Baris
New member
Kendini Beğenmiş İnsanlar: Zeka, Ego ve Biraz da Şov!
Hadi bir itiraf yapalım, hepimiz bir şekilde kendini beğenmiş insanlarla karşılaştık, değil mi? Ama çoğumuz bu tipleri sadece küçük bir gülümseme ve içten bir "Hadi canım, çok da abartma!" şeklinde geçiştiririz. İşte o insanlar, aynaya bakıp "Vay be, ben ne kadar harikayım!" demeden duramayanlar… Bu yazıda, kendini beğenmiş kişiliğin perde arkasına bir göz atacağız. Eğlenceli bir şekilde bakacağız ama derinlemesine de inceleyeceğiz.
Kendini Beğenmişlik: Ego'nun Zorlu Yükselişi
Kendini beğenmişlik, genellikle ego ile bir dostluk kurmuş insanlarla ilişkilendirilir. Bu kişiler her adımda “Ben” kelimesinin etrafında dans ederler. “Beni takip et, beni dinle, ben harikayım” gibi bir iç monolog sürekli kafalarındaki stereo ses gibi çalar. Kendini beğenmişlik bir dereceye kadar insanın özgüveninin yüksek olmasından kaynaklanabilir, ama bazen bu özgüven, içine bir tür “ben, ben, ben” kompleksini yerleştirir.

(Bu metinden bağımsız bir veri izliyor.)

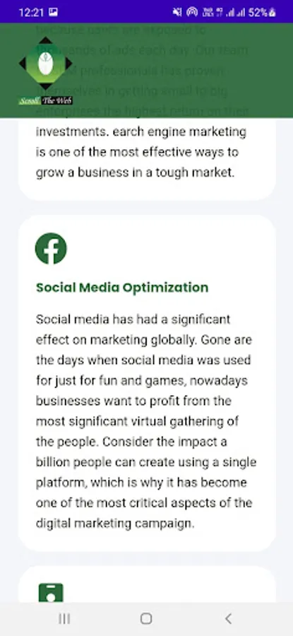 We have been in the Digital Marketing industry since 2013. So, we have seen all ups and downs of the market; we have witnessed all changes in Google's algorithms. We have grown with Google. Contact us today at www.scrolltheweb.com for a free consultation. We have served clients across the USA, UK, Australia, India, China, Russia & many other countries. Here in this app, you will read the latest news in Digital Marketing, the latest trends that are going on, SEO & Marketing tips and tricks for this year, and a lot of more information on Digital Marketing.

Ego, doğal olarak herkeste var olan bir özellik olsa da, bu kişilik özelliğinin abartılmasında işin içinde bir değişken vardır: ‘Çevre’. Yani, bu kişiler aslında kendilerini olduğundan çok daha fazla özel hissettiren durumların içinde sık sık bulunurlar. Düşünün, bir toplantıdayken her sözlerinin sonunda “Beni zaten her zaman beğenirsiniz” gibi bir bakış açısıyla yaklaşan biriyle karşılaştınız mı? İşte o kişi kendini beğenmiş biri olabilir.

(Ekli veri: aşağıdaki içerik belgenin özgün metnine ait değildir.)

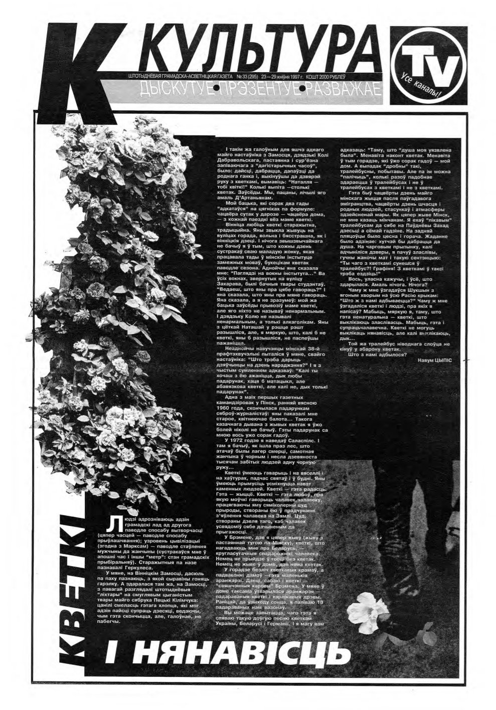 «Культура» — штотыднёвая грамадска-асветніцкая газета. Выдаецца з кастрычніка 1991 года ў Мінску на беларускай мове. Заснавальнік — Міністэрства культуры Рэспублікі Беларусь. З 2002 года з'яўляецца часткай рэдакцыйна-выдавецкай ўстановы «Культура і мастацтва», куды ўваходзіць разам з часопісам «Мастацтва». Галоўныя рэдактары: Вольга Іпатава (1991—1995), Людміла Крушынская (1995—2012), Сяргей Трафілаў (2012—2017), Ілья Сін (з 2017).<a hr... Болей »

Ego’nun Stilin Alayı: Kendini Beğenmiş Erkekler ve Stratejik Zeka
Erkekler, kendini beğenmişliğin dünyasında genellikle "stratejik" yaklaşır. Kendini gösterme noktasında genellikle çözüm odaklıdırlar. Evet, doğru duydunuz: Strateji! Kendini beğenmiş bir erkeğin amacı “Her şeyin en iyisini ben yaparım” demek değil, bu düşüncesini etrafındaki herkese sürekli olarak hissettirmektir. Yani, çözüm odaklı bir yaklaşımda, hep daha iyisini, daha fazlasını yaparak bir tür “üstünlük” kurma çabası vardır. Bu yüzden bir erkeğin sürekli olarak yenilikçi çözümler önerdiğini, yeni fikirler sunduğunu görürsünüz. Fakat...tüm bunlar aslında sadece egoyu beslemek için yapılır.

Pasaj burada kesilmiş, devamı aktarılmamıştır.